The two simulations are affected by compilation but things go fast after that.

With `KernelAbstractions` 0.8.6

  4.914645 seconds (28.10 M allocations: 6.039 GiB, 15.62% gc time, 51.22% compilation time)
  5.011717 seconds (31.58 M allocations: 10.844 GiB, 19.87% gc time, 16.87% compilation time)
  4.236418 seconds (27.41 M allocations: 11.073 GiB, 21.75% gc time)
  8.501561 seconds (55.04 M allocations: 22.118 GiB, 22.03% gc time)
  8.618707 seconds (56.01 M allocations: 22.627 GiB, 21.83% gc time)
 17.081286 seconds (112.47 M allocations: 45.197 GiB, 21.73% gc time)

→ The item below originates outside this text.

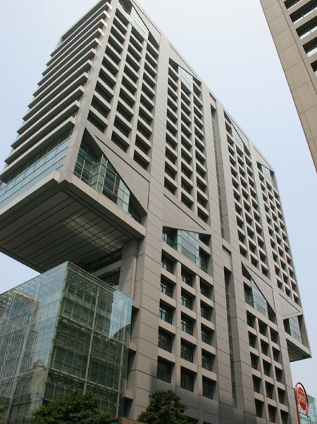 日比谷公園前、道路に横向きで変わった形のビルが新生銀行。

Smells like type inference failure to me. Some informal exploration shows that the tendency calculations dominate this problem (as they do many others) --- so it's a pretty basic issue I suspect.

glwagner · 2023-03-23T01:46:07Z

Something a little puzzling to me is that we clearly succeed at type inference when running on the GPU. Do we have a better chance of succeeding there because of adapt? We do make some critical simplifications via adapt, most notably

Oceananigans.jl/src/Fields/field.jl

Line 400 in f70d094

Adapt.adapt_structure(to, f::Field) = Adapt.adapt(to, f.data)

navidcy · 2023-03-23T03:21:07Z

That's an order of magnitude slowdown... And that's not just compilation times, right?

glwagner · 2023-03-23T04:43:21Z

Compilation actually speeds up, its run time that slows down. (The examples are probably running very very very very slow.)

glwagner · 2023-03-23T04:44:22Z

So the runtime is 50-100x slower. But because there's other stuff in the docs (and compilation time matters to, the total slow down for the docs build is just 2x).

glwagner · 2023-03-23T04:44:28Z

@simone-silvestri this is a big deal because 50x is essentially standing still, hardly useable except for the smallest problems.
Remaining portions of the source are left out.